896f5bb6.JPG かつてインドのマハトマ・ガンジーは、植民地だったインドが宗主国たる英国から真の自立を遂げるために、どれほどささやかな営みであっても経済的に独立した立場を確立しなければならないと考えた。そして、そのためにインドの家庭的な小規模伝統産業、糸車を使った糸紡ぎをしましょうと訴え、自らそれをくるくる回しながら行脚したことがあった。英国の機械化された産業織物に経済依存することを辞めなければ、いつまでも英国と袂を分かつことができないとしたのであった。粗末な白木綿の衣服を身に纏い、地面にへたり込んで女性と共に糸車を回していたガンジー。かつてNHKの「映像で見る20世紀」で見た。私は今もあのガンジーの姿を忘れられない。

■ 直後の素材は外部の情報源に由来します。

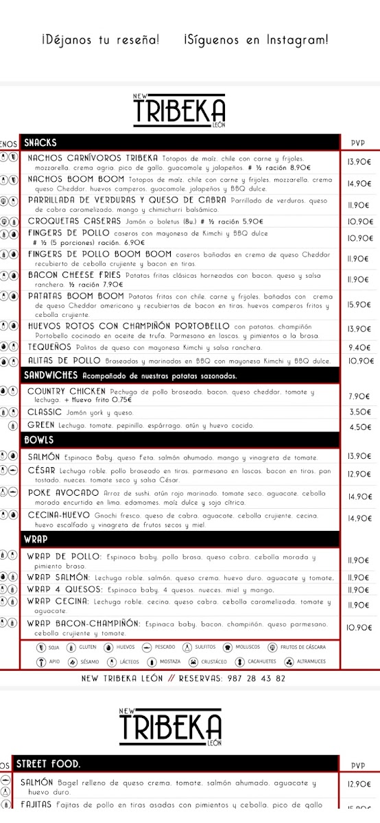 New Tribeka Snack Bar Menu

 この四半世紀、何につけ、日本の生活は便利になった。大量生産、消費、廃棄という産業循環は、国土が狭く、資源に乏しい日本の国土、国民性にまるで合っていないと私は思うのだが、戦後の日本が選択した舵取りはそれであった。今の小中学生は、たらい、洗濯板など昭和初期の道具については何のことやらさっぱりという状態であろう。昔、私は泥だらけになった自分のサッカー用ソックスを風呂場でせっせと洗濯石けんをつけて洗ったので随分たくさん使った。
 
 この度、ひょんなきっかけから珍しいものを手に入れた。毛糸を巻き取ってきれいに毛糸玉を作り上げることができる手動式の器械。かつてブラザー工業が作ったものである。ちなみにブラザー工業はミシンメーカーとして高い技術力を持っており、私は仕事で使うファクス機なども多くブラザーのそれを使っている。キャノン、パナソニックのような華やかさがないが、しっかりとした技術的裏付けを持つメーカーだと思っている。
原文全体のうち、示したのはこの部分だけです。